Asked if there would be redundancies, Mr Bowen said that his preference was for natural attrition.

So far the Community and Public Sector Union, the ACT branch of which officially affiliated with Labor in 2009, is taking one for the collective team in terms of industrial blowback.

The union has expressed its concern over the job cuts and said that it followed a similar 1 per cent saving measure in the last Budget – a long way from the kind of industrial action that has hallmarked job cuts in the states.

The CPSU said that around $100 million of the new savings was being made “through more efficient procurement of agency software” – very clearly a more palatable option than job and membership losses.

“It is positive that Government has saved $100 million through better negotiation of software contracts. That’s the sort of smart saving we much prefer to see to job cuts,” CPSU National Secretary Nadine Flood said.

However Ms Flood said that she was “disappointed” to see the executive jobs cut and expected “some redundancies” to flow alongside natural attrition.

“Over the past few years the public service has endured a range of cuts and savings measures but demand for government services keeps going up.
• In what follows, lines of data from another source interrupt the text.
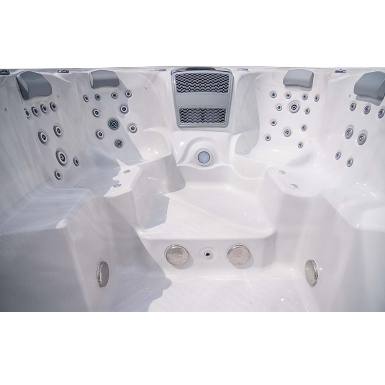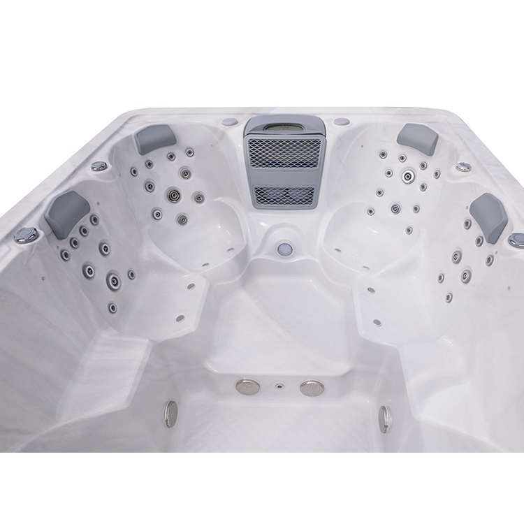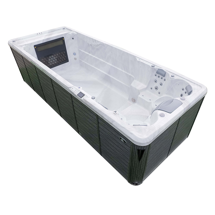 JW-2217 This is an outdoor acrylic massage swimming pool measuring 5.8m * 2.2m, which comes with 4 seats and a large pool and can accommodate up to 8 people. It is equipped with massage jets, fountains, cup holder and other functions. You can adjust them according to your needs through the control panel on the bathtub, and enjoy other massage experiences while taking a bath.
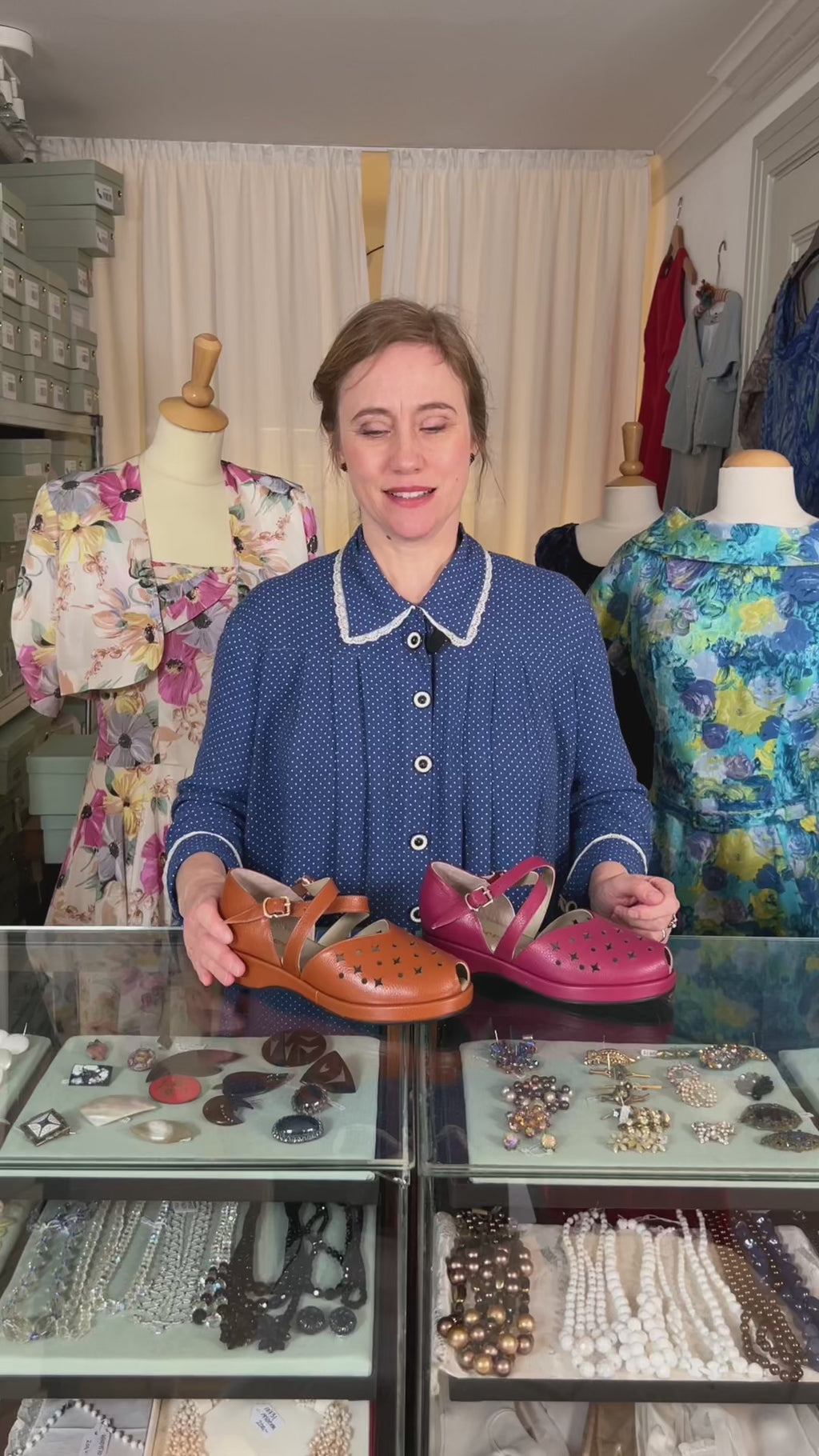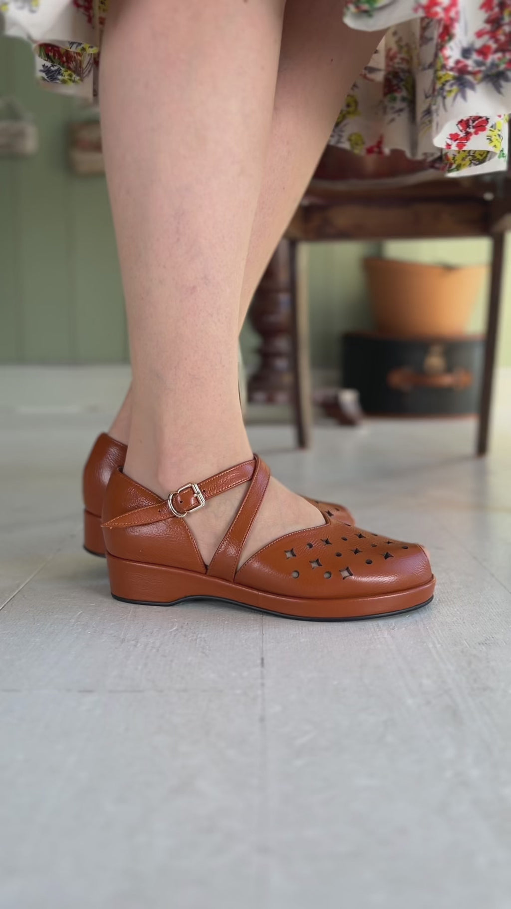 Fine 1940'er vintage inspirerede sommer sandaler / wedges med plateusål, hælekap, dobbelte ankelremme i kryds og peep toe. De to remme reguleres og lukkes med metalspænder i hver side. Skoene er fremstillet i blødt læder med fint udskåret hulmønster samt bløde læder indersåler.
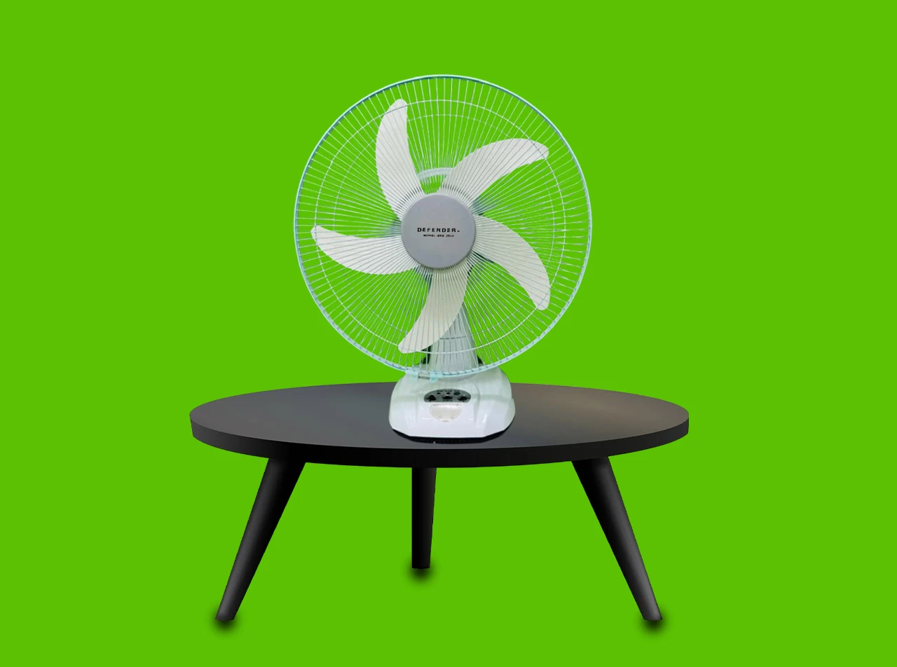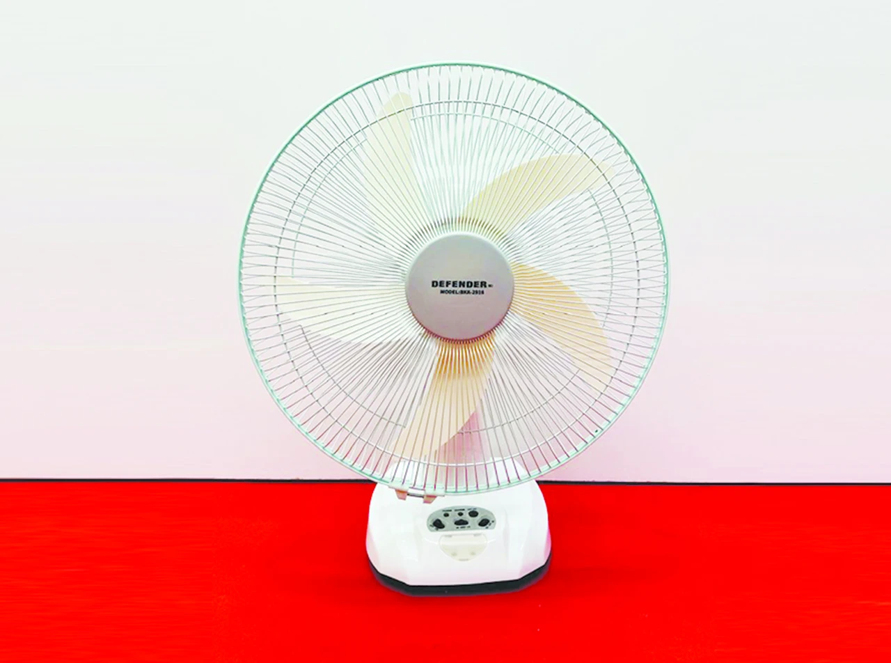 Buy Defender BKK-2916 Rechargeable Table Fan in Bangladesh. 3-speed settings, 6V–7Ah battery, up to 12 hours backup, LED light, overcharge protection, and free home delivery in Dhaka.
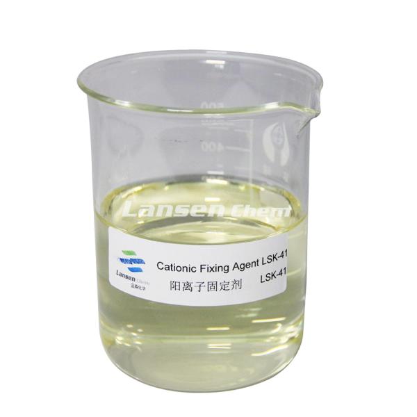 Fixing agent LSK-01 is a quaternary ammonium cationic polymer. It is colorless liquid, readily soluble in water.

The public service is not a magic pudding and Government cannot keep making cuts without affecting services” Ms Flood said.
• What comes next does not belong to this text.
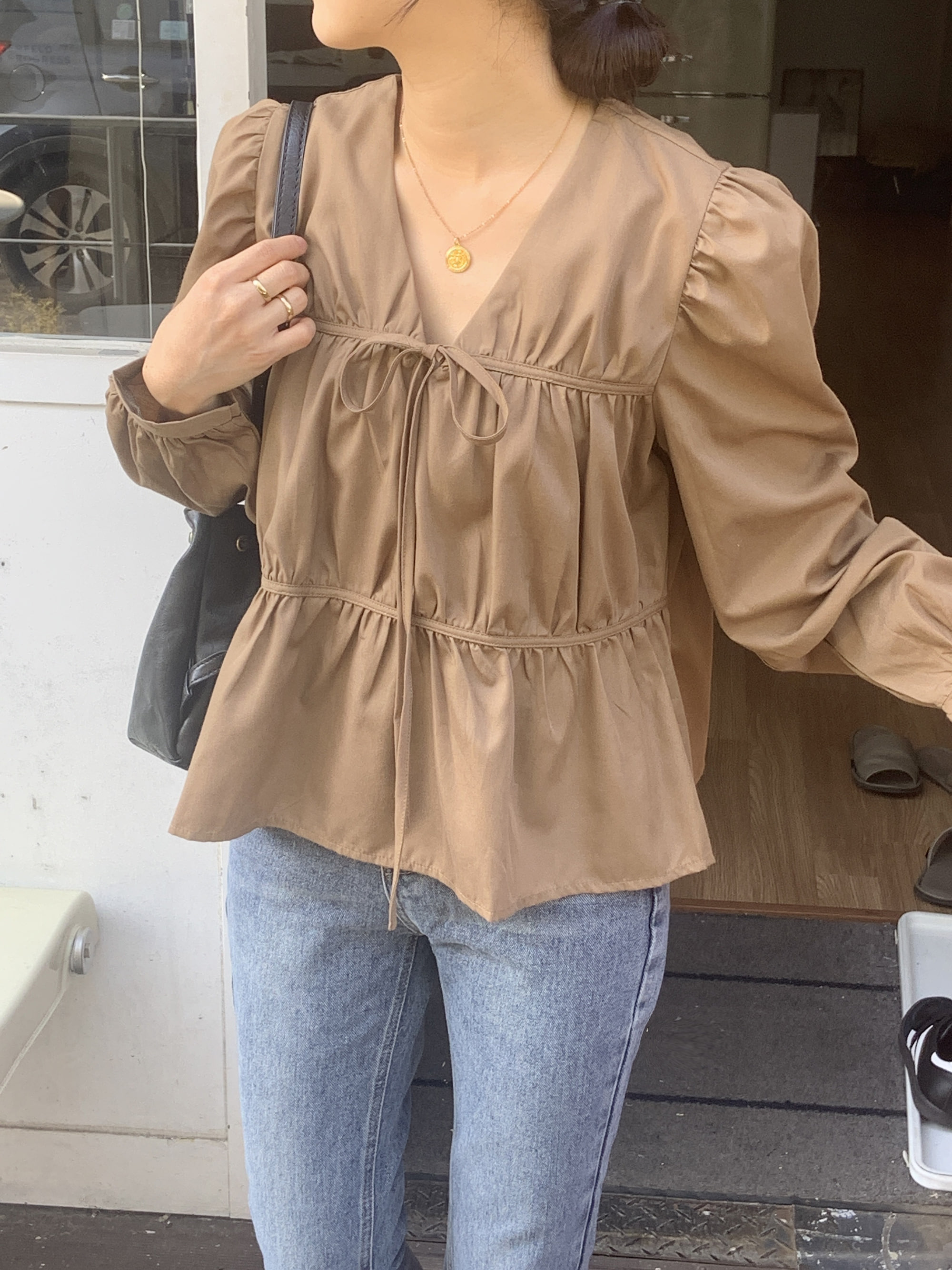브이넥 여자 상의 블라우스 캐주얼 올매치 여성 탑 코디 패션 오피스룩 데일리 가을 겨울 봄 간절기 코디 패션 슬림핏 정장 레이스 프릴 플리츠 플레어 루즈핏 이너티 퍼프소매 상견례 모임룩 연말룩 오피스룩 화이트 블랙

The union said it would be working closely with Government and Departments to minimise the need for job losses and ensure workloads remain manageable.
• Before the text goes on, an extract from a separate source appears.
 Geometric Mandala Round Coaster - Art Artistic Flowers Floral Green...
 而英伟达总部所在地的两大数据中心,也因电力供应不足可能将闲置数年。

However a one path clearly open to agency heads is to try and stave off undesired staff losses by further pruning back agency operating costs through the better procurement and more efficient use of technology.

A proportion of that ‘good work’ referred to by Mr Rudd is certain to have stemmed from reductions in the price of software licensing to government which have previously been calculated to be around 20 per cent higher than comparable economies. – despite the Australian dollar having until very recently been above parity with the US dollar.

Vendors being eyed-up for a Kevin-style haircut are believed to include Microsoft, IBM, SAP and Oracle as the public service is gradually pushed, where it is cheaper, to migrate from annualised licensing payments to those based on actual usage of software and processing muscle through so-called cloud computing which promises to give agencies computing capacity on-tap through utility-style model.

In a highly significant move the Attorney General’s Department last week released the federal government’s official internal cloud computing policy, which leans substantially towards using domestic deployments to mitigate known risks associated with data sovereignty and privacy protections.

The issuance of the AG’s formal guidance clears an important hurdle for agencies looking to buy into cloud services because it sets the framework to deal with a raft of security issues that federal agencies must necessarily deal with when making technology purchases.

Importantly, it sets crucial guard-rails for cloud providers hoping to pick-up significant Australian government work by stipulating how agencies need to weigh risks when taking on-cloud services – a set of criteria that vendors can now build into their offerings to win business.

Some of those best positioned to offer government locally-based cloud services include Amazon Web Services and Telstra who have both been ramping up their onshore capacity to target government business.